Cuba’s Special Period as a Pedal-Driven Space Odyssey

Sergio y Serguéi at the 39th Havana Film Festival

By Jennifer Ruth Hosek*

HAVANA TIMES – Conversation over New Year’s dinners in Havana will surely include Ernesto Daranas Serrano’s lastest movie Sergio y Serguei, which garnered the Premio de la Popularidad, the audience popularity prize, at the 39th Festival Internacional del Nuevo Cine Latinoamericano this month. Set at the end of the Soviet Union and the start of the Special Period, this melodrama pokes fun at dogmatism and corruption while celebrating transnational person-to-person ties and grassroots initiative.

Sergio and Serguei are two committed professionals who join forces across the ethereal bonds of amateur short-wave radio. Sergio studied Marxism in Moscow, fought in Angola, and now teaches at the Instituto Superior de Artes (ISA). A ham radio enthusiast, Sergio makes serendipitous contact with the Soviet cosmonaut Serguei, who is stranded in the MIR space station.

The two bond quickly as they drift on separate islands in a common sea of sudden unpredictability. When a meteor shower damages the space station, Serguei completes a daring repair with Sergio’s moral support. Meanwhile, each continues work assignments of suddenly questionable utility.

Floating in zero gravity around his tiny station, Serguei documents and experiments for a space program of a country that no longer exists. Commuting some 15 km by bicycle from central Havana each day, Sergio teaches philosophy to aspiring artists. Yet, his star student finds his stance outdated, opportunities for publication dwindle with paper supplies, and Russian is dropped from course offerings.

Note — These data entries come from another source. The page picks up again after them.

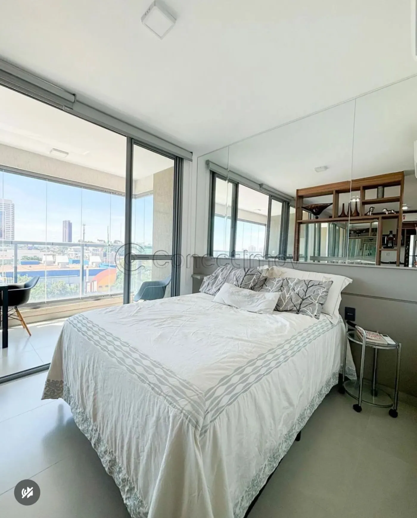 • 1 quarto com ar-condicionado e acesso à sacada, garantindo conforto e privacidade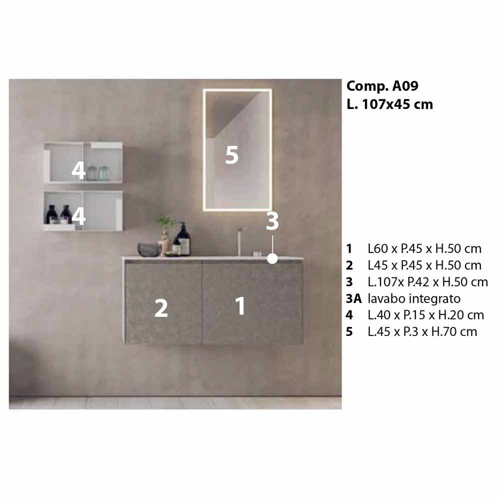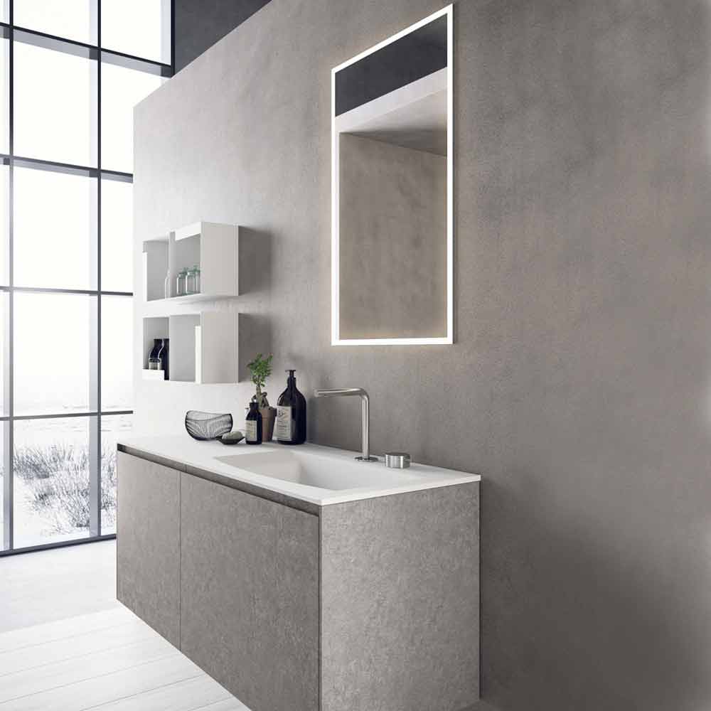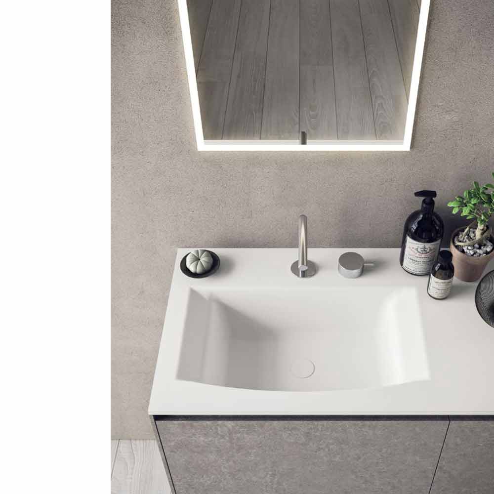 Tato formální jasnost je dána drážkovými dveřmi s nakloněným profilem a ultra-minimálním obdélníkovým zrcadlem s rámem s vlastním osvětlením.
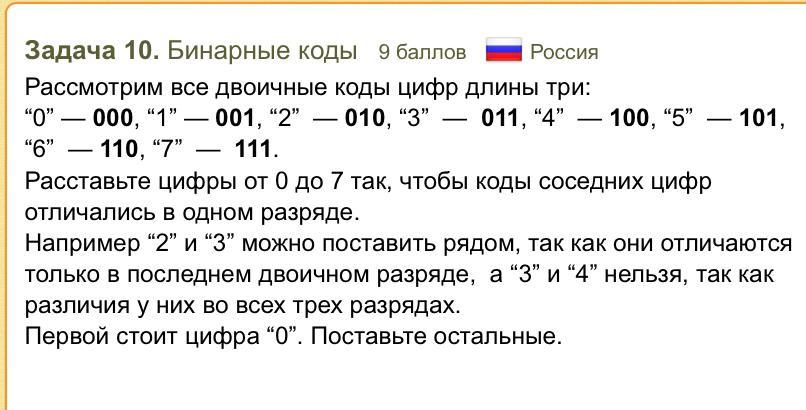Расставьте цифры от 0 до 7 так, чтобы коды соседних цифр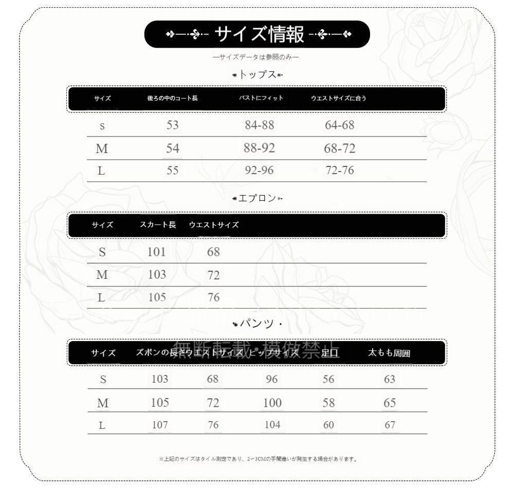 Sサイズ: 後中着丈53cm、適応バスト84-88cm、適応ウエスト64-68cm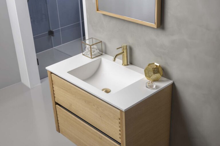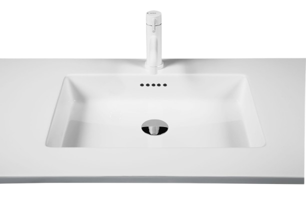 Vaskebordpladen fra marmorline, solid Surface Colombo i Arctic White, er med til at fuldende designet af møblet. Denne vaskebordplade kan vælges til eller fra.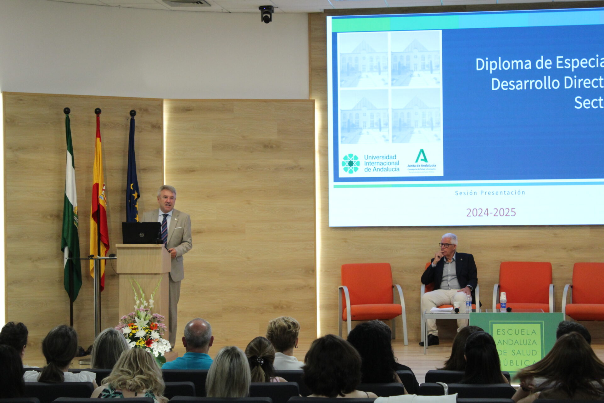 El director gerente de la Escuela Andaluza de Salud Pública (EASP), Diego Vargas, y el vicerrector de Empleabilidad y redes internacionales de la Universidad Internacional de Andalucía (UNIA), José Antonio Naranjo, han hecho entrega de los títulos de Diploma de Especialización en Desarrollo Directivo en el Sector Salud, a las 33 personas que finalizan esta edición de una formación de posgrado que se consolida como herramienta estratégica para el fortalecimiento del liderazgo sanitario en nuestra comunidad autónoma.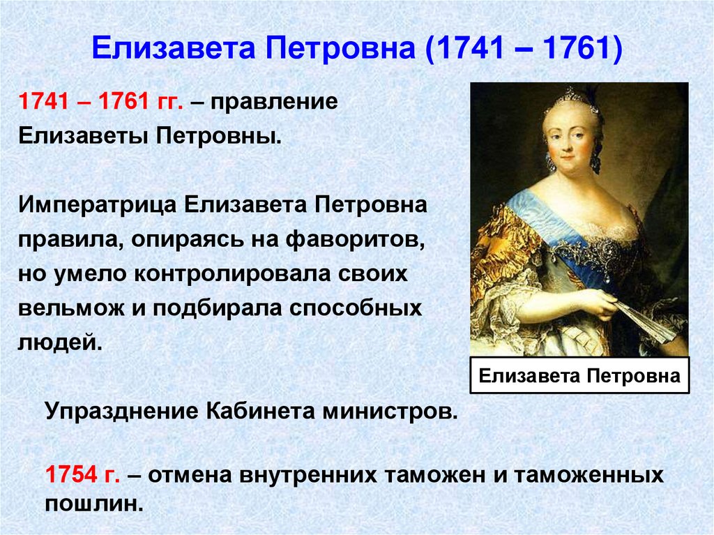 1741 – 1761 гг. – правлениеЕлизаветы Петровны.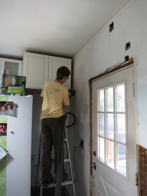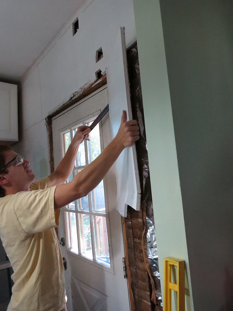 Then cut away the drywall (thank goodness it was drywall and not plaster and lath…I love drywall soo much!). We used the Roto-Zip and a drywall bit to cut it into manageable size pieces.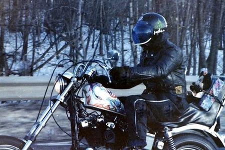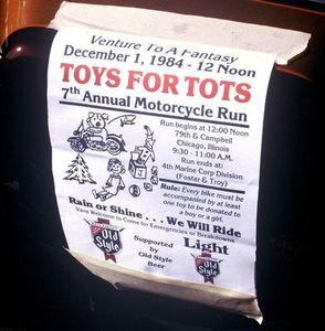 1978: Aminal, Puppy, Thor, Namu, Princess, and Mark-off planned the first TFT Parade. On December 13, 1978, Thor, Puppy and Aminal left from Fantasy Choppers on 2532 W. 63rd Street and headed for the Glenview Naval Air Station. There was only one motorcycle. Aminal originally was going to borrow a rigid-frame Triumph 250 but he couldn't get the bike started, so then he borrowed Puppy's Harley. On the way the bike's chain broke, but to make it a true motorcycle parade, Aminal had to get to the end. So he and Puppy held each other's arms, and he was towed to the Naval Air Station.

Sergio increasingly questions his own decisions as he sees exhausted families pedaling in the hot sun because buses do not have petroleum, hand-cranked generators made of bicycle rims, and his bare refrigerator.

Changing conditions eventually demand new solutions. As the real salaries of each professional plummets, they turn to additional earning strategies. Serguei threatens his superiors with sabotaging the mission unless they provide for his family in Russia. Sergio produces bootleg liquor. Yet these pragmatic jobs remain necessary supplements, the dedicated men will continue contributing to their larger societies.

Seeking to thwart Sergio is the governmental official Ramiro, a uniquely Cuban version of the dogmatic, small-minded careerists who are universally familiar. Ramiro’s martial-arts workouts in his home recall similar scenes in Florian Borchmeyer’s el nuevo arte de hacer ruinas (2006) in which the occupant of an abandoned theatre lives in semi-fantasy.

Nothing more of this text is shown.